Оказывается, титул Друга Карлонии и вправду был довольно почетен. Он означал, что Грегору позволяется первым заговаривать с королем, не дожидаясь прямо обращенного к нему вопроса или приказа, писать его величеству без посредников, пользоваться многими другими привилегиями, а главное – купить в Карлонии дом или поместье, не будучи карлонским подданным!

– Немалая честь вам оказана, князь, – учтиво сообщил Ставор, пока они неторопливо ехали по залитым солнцем столичным улицам. – Меня вот, к примеру, его величество таковой до сих пор не удостоил, а вас при первой же встрече одарил.

– Его величество был очень милостив, – согласился Грегор, подумав, что поместье в Карлонии ему решительно ни к чему, но если придется часто приезжать сюда по делам Ордена, то собственный дом это и вправду удобно. – Признаться, я удивлен такому благоволению.
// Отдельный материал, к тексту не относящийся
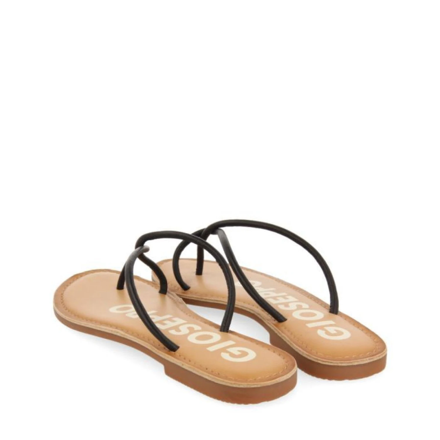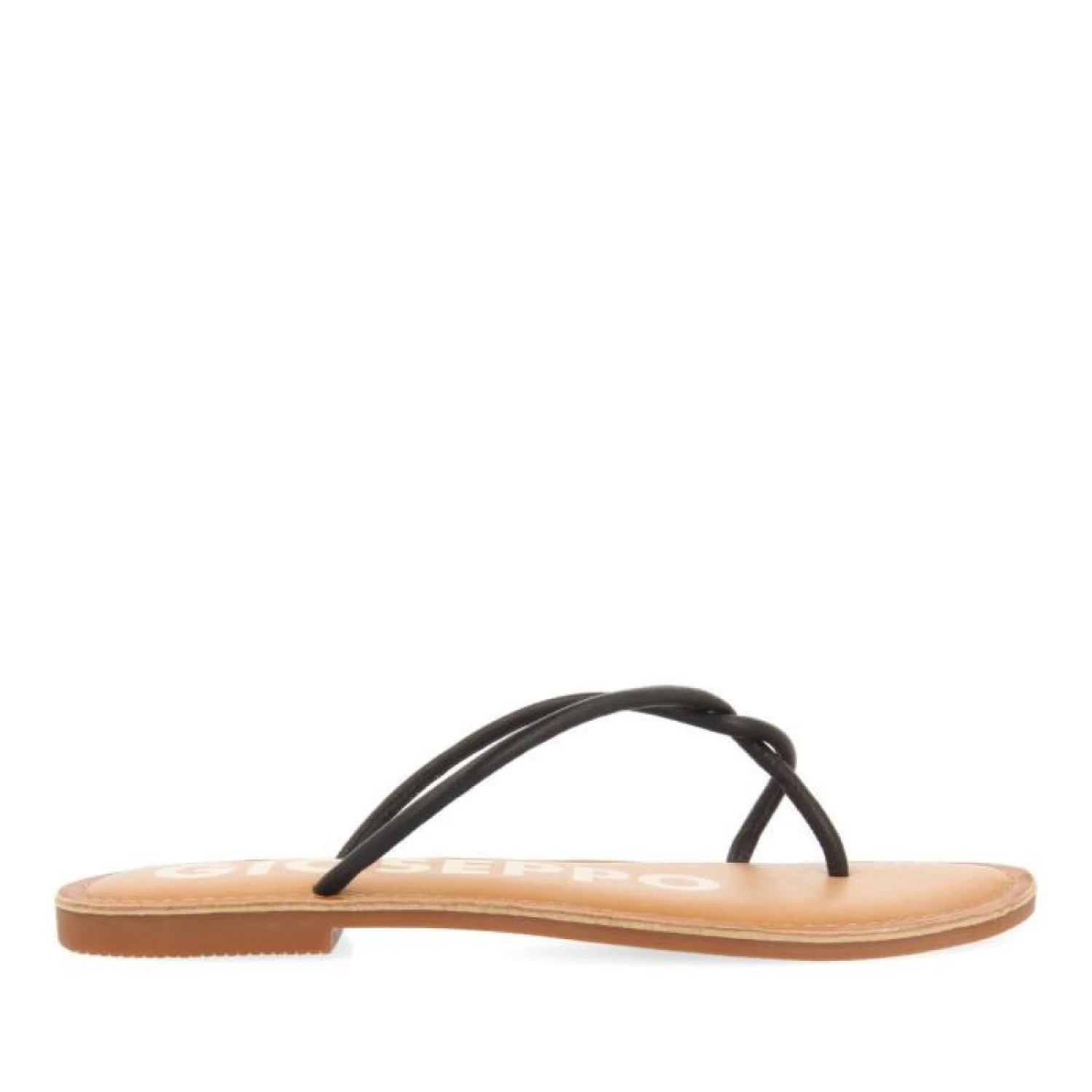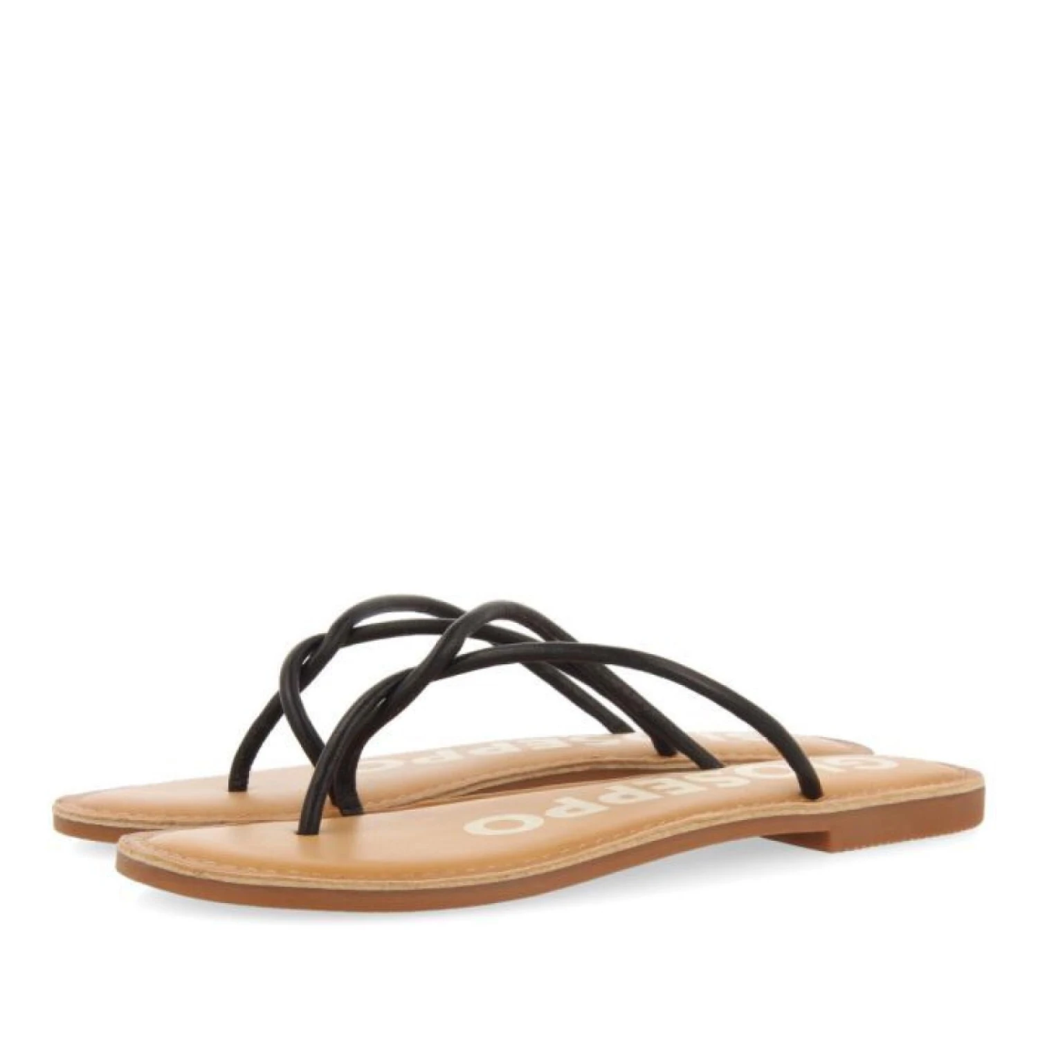 Sandalen aus schwarzem Leder mit schmalen Riemchen. Gepolsterte Einlegesohle aus Latex. Innensohle aus Leder, das in einem nachhaltigeren Verfahren nach den Standards der Leather Working Group gegerbt wurde.¡ Genießen Sie den Minimaltrend!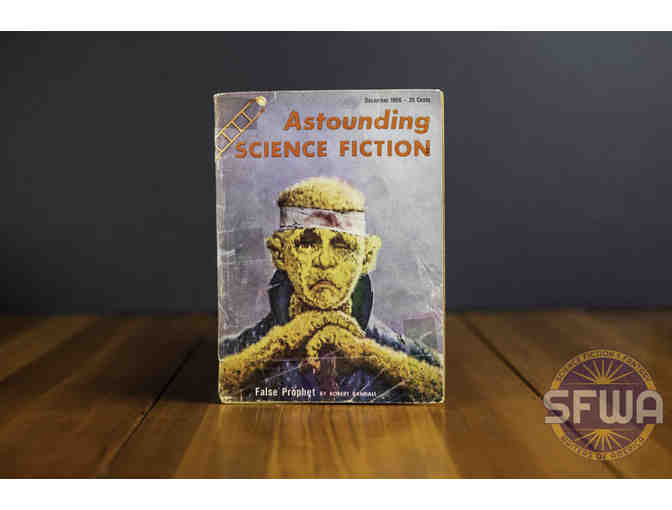 Copy of Astounding Science Fiction, December 1956. Contains story "False Prophet" by Robert Randall and part 3 of the original publication of Isaac Asimov's The Naked Sun. Note: cover is creased and binding bound together with tape.
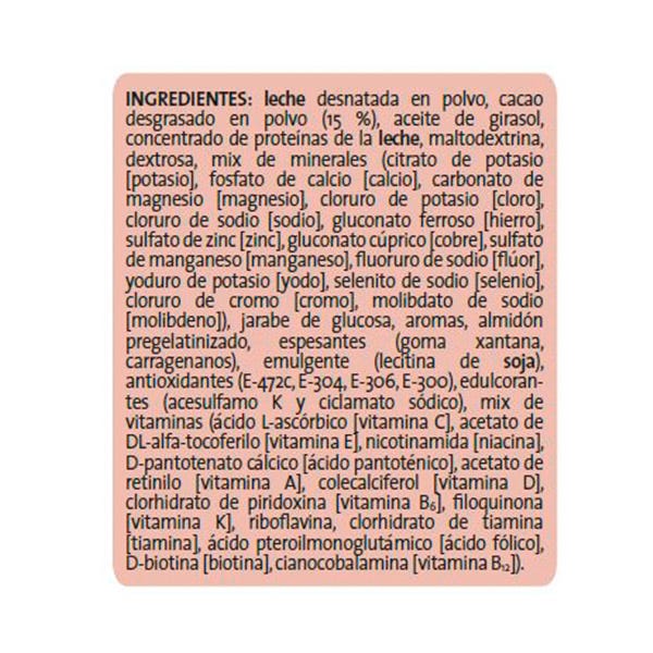 Leche desnatada en polvo, cacao desgrasado en polvo (15%), aceite de girasol, concentrado de proteínas de leche, maltodextrina, dextrosa, mix de minerales (citrato de potasio (potasio), fosfato de calcio (calcio), carbonato de magnesio (magnesio), cloruro de potasio (cloro), cloruro de sodio (sodio), gluconato ferroso (hierro), sulfato de zinc (zinc), gluconato cúprico (cobre), sulfato de manganeso (manganeso), fluoruro de sodio (flúor), yoduro de potasio (yodo), selenito de sodio (selenio), cloruro de cromo (cromo), molibdato de sodio (molibdeno)), jarabe de glucosa, aromas, almidón pregelatinizado, espesantes (goma xantana, carragenanos), emulgente (lectina de soja), antioxidantes (E-742c, E-304, E-306, E-300), edulcorantes (acesulfamo K y ciclamato sódico), mix de vitaminas (ácido L-ascórbico (vitamina C), acetato de DL-alfa-tocoferilo (vitamina E), nicotinamida (niacina), D-pantotenato cálcico (ácido pantoténico), acetato de retinilo (vitamina A), colecalciferol (vitamina D), clorhidrato de piridoxina (vitamina B6), filoquinona (vitamina K), riboflavina, clorhidrato de tiamina (tiamina), ácido pteroilmonoglutámico (ácido fólico), D-biotina (biotina), cianocobalamina (vitamina B12).

– К чему же удивляться? – чуть приподнял брови влашский некромант. – Заслуги ваши широко известны, а если вы своему королю столь верно и славно послужили, значит, человек вы поистине достойный и короне Карлонии тоже немалую пользу принести можете. Если пожелаете, конечно! Его величество Якуб славится щедростью и упорно собирает у своего трона всех, кто готов служить великой Карлонии.

– Но я не из числа его слуг, – возразил Грегор. – Я урожденный дворянин Дорвенанта и подданный короля Аластора.
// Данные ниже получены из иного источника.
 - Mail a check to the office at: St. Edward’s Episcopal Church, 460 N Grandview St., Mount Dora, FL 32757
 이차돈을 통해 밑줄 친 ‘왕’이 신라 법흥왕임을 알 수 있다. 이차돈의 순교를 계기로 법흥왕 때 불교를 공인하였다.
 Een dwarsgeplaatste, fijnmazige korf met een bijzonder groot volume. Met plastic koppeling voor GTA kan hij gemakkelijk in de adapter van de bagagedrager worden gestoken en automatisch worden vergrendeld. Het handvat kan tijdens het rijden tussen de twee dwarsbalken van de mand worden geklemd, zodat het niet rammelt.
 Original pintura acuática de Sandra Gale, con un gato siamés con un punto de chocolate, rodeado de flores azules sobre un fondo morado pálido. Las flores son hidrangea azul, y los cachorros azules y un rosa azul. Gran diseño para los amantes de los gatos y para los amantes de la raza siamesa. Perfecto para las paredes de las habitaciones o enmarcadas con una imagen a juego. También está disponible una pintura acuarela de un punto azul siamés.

«Короля, которому ты не нужен, – возникло в мыслях само собой. – Которому, если быть откровенным, ты глубоко противен. Ты напоминаешь ему о родном отце, имя которого при дворе покрыто непристойным и неблагодарным забвением. И о позоре, пережитом в юности, который он якобы простил, но разве мог забыть на самом деле? Ты хотел спасти Дорвенант ценой его жизни и едва не преуспел. И ты, наконец, неудобный супруг женщины, которую он хотел бы видеть то ли своей любовницей, то ли доверенной наперсницей, а ты мешаешь ему в этом… Неудивительно, что при дворе короля Аластора тебе, так много сделавшему для Дорвенанта, не положено даже тени радушия, которым готов одарить гостя король Якуб – ни за что, просто из надежды, что ты, возможно, окажешь услугу будущей Карлонской академии. Конечно, ведь ты же не итлиец, всегда готовый развлекать короля и бегать по его поручениям, словно паж! Ты не строишь ему неприличных фонтанов, не делишь с ним продажных девок, не варишь ему шамьет… Ну и зачем ты ему нужен?! Только для того, чтобы в очередной раз оскорбить? Забрать у тебя сына и жену, опозорив род Бастельеро?!»
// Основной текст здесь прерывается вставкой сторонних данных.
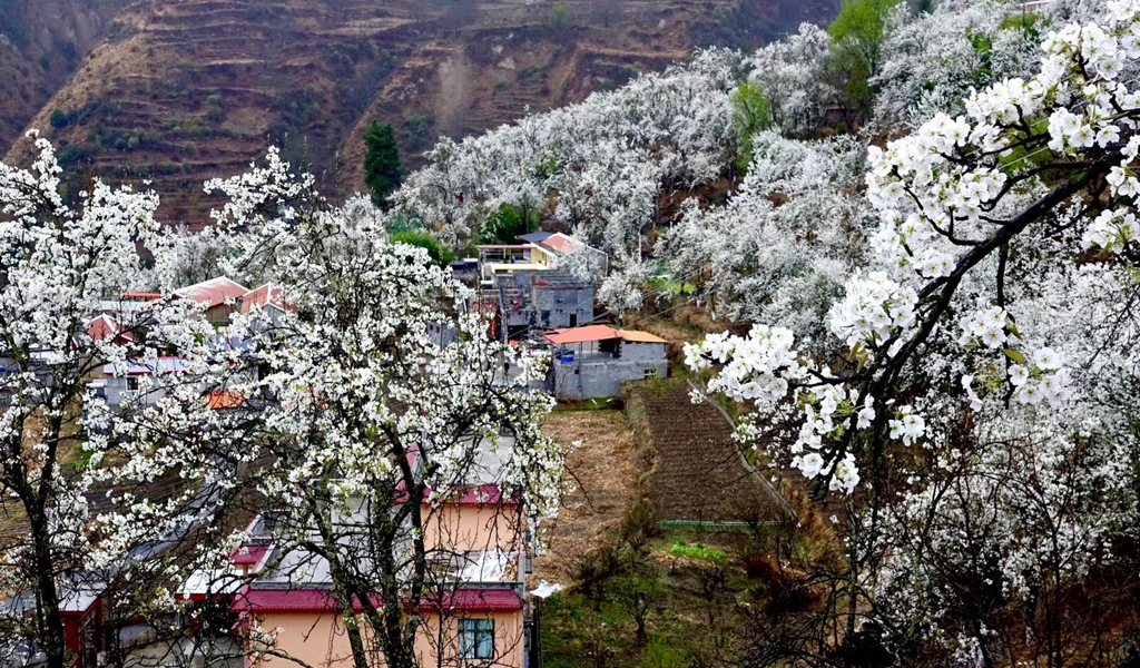 每年三到四月,金川縣的上百萬株梨樹在春日照耀下盛開白花,萬畝梨海、百里吐蕊。李仁奇 攝

– Жизнь переменчива. – Лорд Ставор пожал плечами и, обернувшись, глянул на эскорт Грегора, дисциплинированно держащийся в нескольких шагах позади. – Иногда люди рождаются в одной стране, но счастье и благоденствие находят в другой. Вон молодой Майсенеш родился карлонцем, но дал присягу королю Аластору и, кажется, вполне доволен своей судьбой. А этот юноша, который построил забавный фонтан… Он, кажется, итлиец? Я слышал, его величество Аластор вообще благоволит южанам? Его ближайший советник то ли из Фраганы, то ли из Арлезы…

– Его личный фехтмейстер, – сухо уточнил Грегор. – Бывший фраганский офицер.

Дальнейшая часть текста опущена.